Exercise instructions: Once the line holding "Voxna WP Damson" is found in the listing below, write it out and each later line exactly, up to and including the one holding "This has a 283".

Record set:
[Start of section]

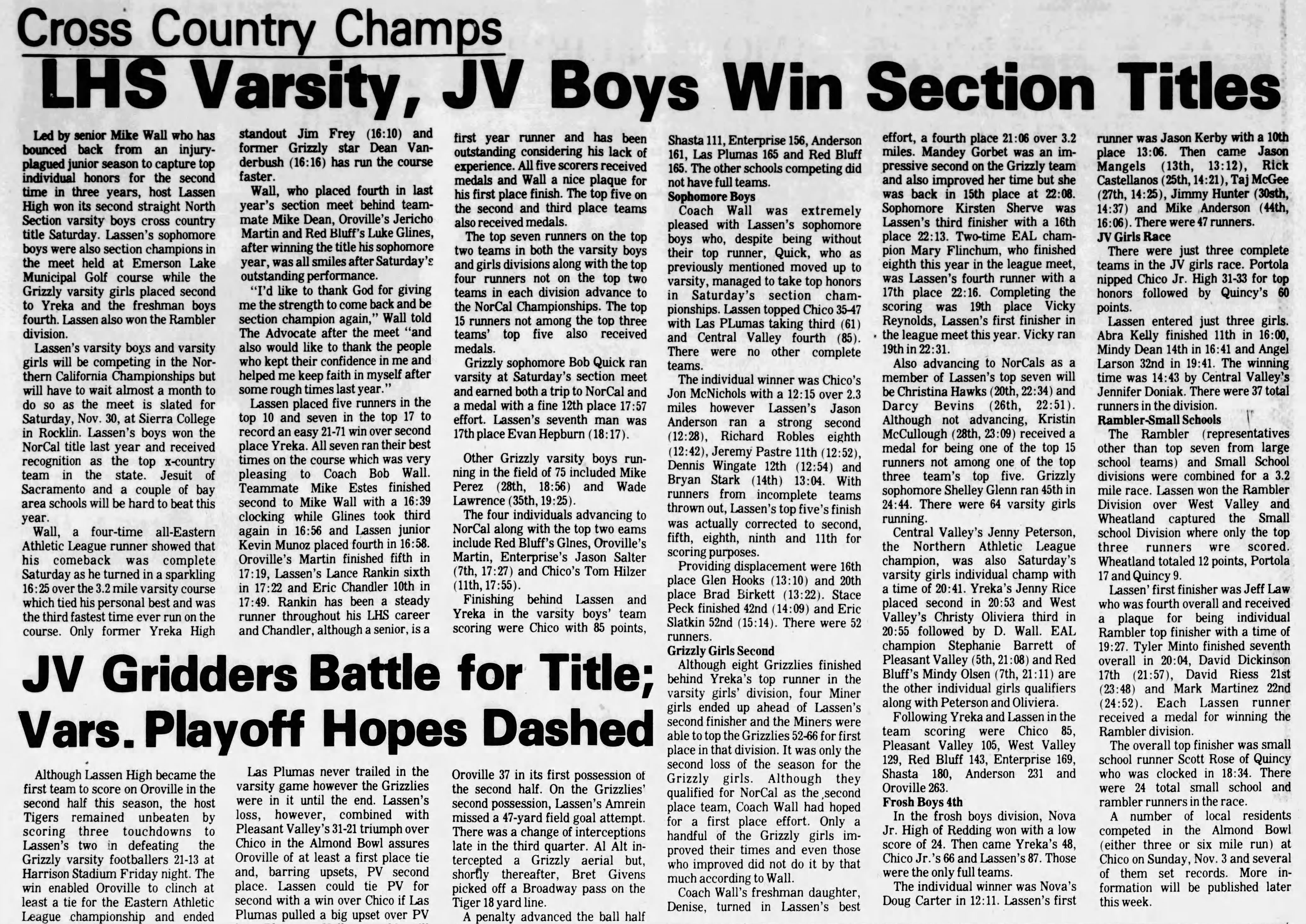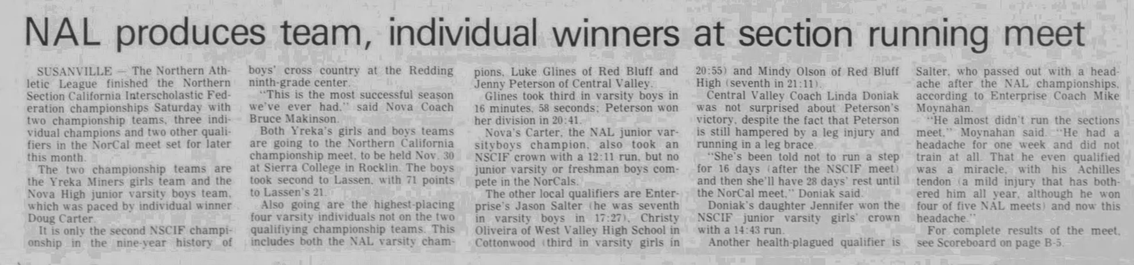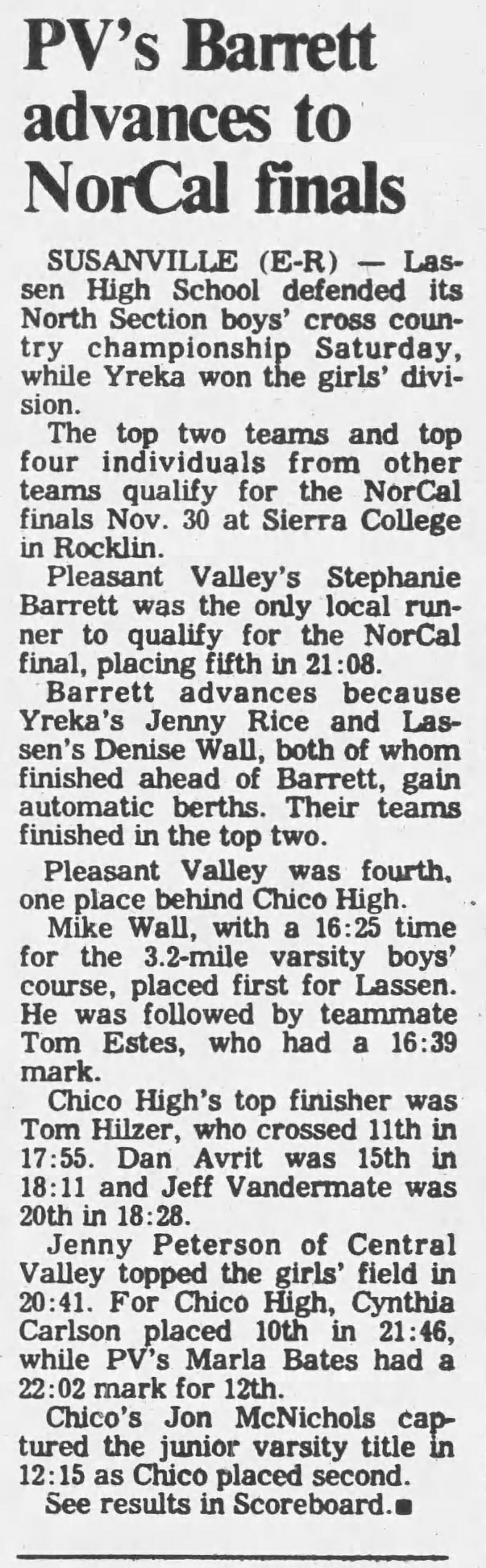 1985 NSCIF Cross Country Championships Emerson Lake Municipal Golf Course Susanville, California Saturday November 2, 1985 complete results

[End of section]
[Start of section]

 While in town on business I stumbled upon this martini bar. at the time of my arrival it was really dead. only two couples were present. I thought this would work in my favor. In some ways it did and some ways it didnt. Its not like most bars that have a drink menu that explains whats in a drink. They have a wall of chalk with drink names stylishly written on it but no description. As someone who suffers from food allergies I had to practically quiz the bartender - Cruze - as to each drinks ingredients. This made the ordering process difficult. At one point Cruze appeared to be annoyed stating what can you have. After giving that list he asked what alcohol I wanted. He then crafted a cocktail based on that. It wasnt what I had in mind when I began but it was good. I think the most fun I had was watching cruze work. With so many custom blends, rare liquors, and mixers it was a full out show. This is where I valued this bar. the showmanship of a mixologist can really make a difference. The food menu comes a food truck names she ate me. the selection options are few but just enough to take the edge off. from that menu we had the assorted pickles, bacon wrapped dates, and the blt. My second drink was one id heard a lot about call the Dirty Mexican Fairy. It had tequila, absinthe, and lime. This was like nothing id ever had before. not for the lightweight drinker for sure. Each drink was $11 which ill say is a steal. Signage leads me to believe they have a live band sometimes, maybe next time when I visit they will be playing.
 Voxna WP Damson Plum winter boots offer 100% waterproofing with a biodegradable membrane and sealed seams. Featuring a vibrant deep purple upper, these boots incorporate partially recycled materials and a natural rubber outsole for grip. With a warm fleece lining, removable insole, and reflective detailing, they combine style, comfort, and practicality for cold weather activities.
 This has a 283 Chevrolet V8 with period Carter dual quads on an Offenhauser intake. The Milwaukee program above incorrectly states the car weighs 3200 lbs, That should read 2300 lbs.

[End of section]

Expected answer:
 Voxna WP Damson Plum winter boots offer 100% waterproofing with a biodegradable membrane and sealed seams. Featuring a vibrant deep purple upper, these boots incorporate partially recycled materials and a natural rubber outsole for grip. With a warm fleece lining, removable insole, and reflective detailing, they combine style, comfort, and practicality for cold weather activities.
 This has a 283 Chevrolet V8 with period Carter dual quads on an Offenhauser intake. The Milwaukee program above incorrectly states the car weighs 3200 lbs, That should read 2300 lbs.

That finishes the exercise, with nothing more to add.